New material is super water-resistant, cheap and safe

The superhydrophobic coating, seen through a scanning electron microscope(Credit: Rice University)

Scientists at Rice University, the University of Swansea, the University of Bristol and the University of Nice - Sophia Antipolis have developed a new class of hydrocarbon-based material that they say could be "greener" substitute for fluorocarbon-based materials currently used to repel water.

Rice chemist Andrew Barron led the research.

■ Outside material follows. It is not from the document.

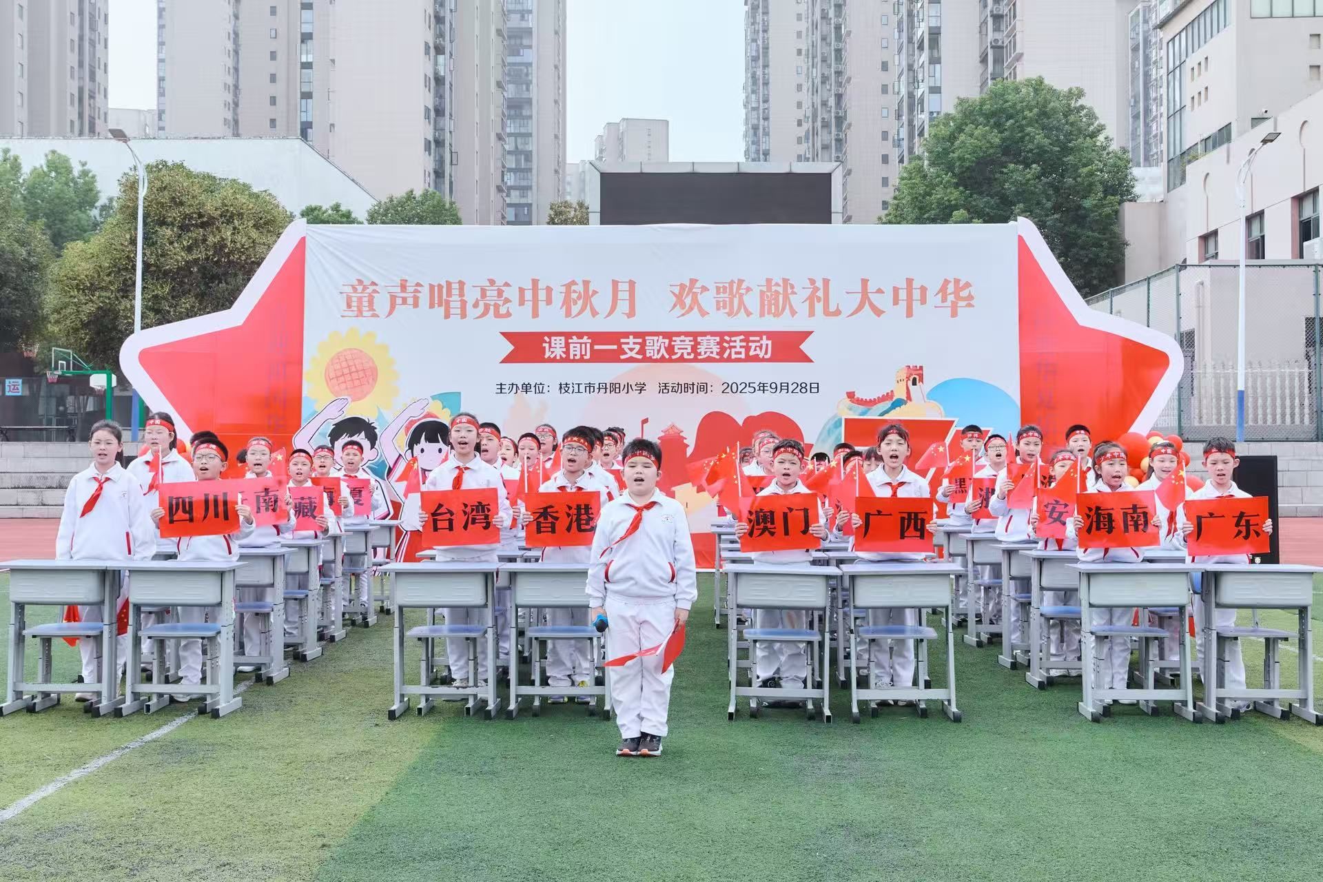 9月28日,湖北宜昌枝江市丹阳小学校园内歌声飞扬、暖意满盈,以“童声唱亮中秋月 欢歌献礼大中华”为主题,兼具礼赞祖国76周年意蕴的“课前一支歌”比赛如期举行,全校37个班级全员参与。

He says the team took inspiration from the lotus leaf – one of the most hydrophobic (water-repelling) surfaces known – which is actually made up of a hierarchy of double structures on the microscopic and nano scales.

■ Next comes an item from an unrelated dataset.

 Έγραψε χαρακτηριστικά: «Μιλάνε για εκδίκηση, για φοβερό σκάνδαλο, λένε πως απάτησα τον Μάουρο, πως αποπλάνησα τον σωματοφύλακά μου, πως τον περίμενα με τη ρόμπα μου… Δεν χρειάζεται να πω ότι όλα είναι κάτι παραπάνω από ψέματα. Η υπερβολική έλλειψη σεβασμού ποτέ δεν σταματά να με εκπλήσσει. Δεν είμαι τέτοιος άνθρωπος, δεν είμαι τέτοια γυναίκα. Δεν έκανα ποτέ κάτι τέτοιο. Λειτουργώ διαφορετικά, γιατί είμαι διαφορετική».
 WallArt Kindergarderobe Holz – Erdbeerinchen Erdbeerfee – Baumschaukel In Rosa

"In the lotus leaf, these [structures] are due to papillae within the epidermis and epicuticular waxes on top," he said. "In our material, there is a microstructure created by the agglomeration of alumina nanoparticles mimicking the papillae and the hyperbranched organic moieties simulating the effect of the epicuticular waxes."

In order to create those structures, synthesized aluminum oxide nanoparticles were coated with carboxylic acids modified to contain "highly branched hydrocarbon chains." These are spiky structures that make the surface rough, trapping a layer of air to reduce contact between the surface and water droplets, making the water slide off.

Superhydrophobic materials are defined as having a water contact angle more than 150 degrees, where 0 degrees is a puddle and 180 degrees is a sphere of water just touching the surface at a single point. The research team's material achieved an angle of 155 degrees, putting it in the same league as top-notch fluorocarbon-based coatings. A demo can be seen here.

Barron says the coating could be ideal for marine applications where a more eco-friendly material is desired to protect aquatic life. He also claims it could be tougher than competing coatings.

"The textured surfaces of other superhydrophobic coatings are often damaged and thus reduce the hydrophobic nature," he said. "Our material has a more random hierarchical structure that can sustain damage and maintain its effects."

Next up, the team will work on improving the material's adhesion to various surfaces and large-scale applications.

A paper on the research was recently published in the journal Applied Materials and Interfaces.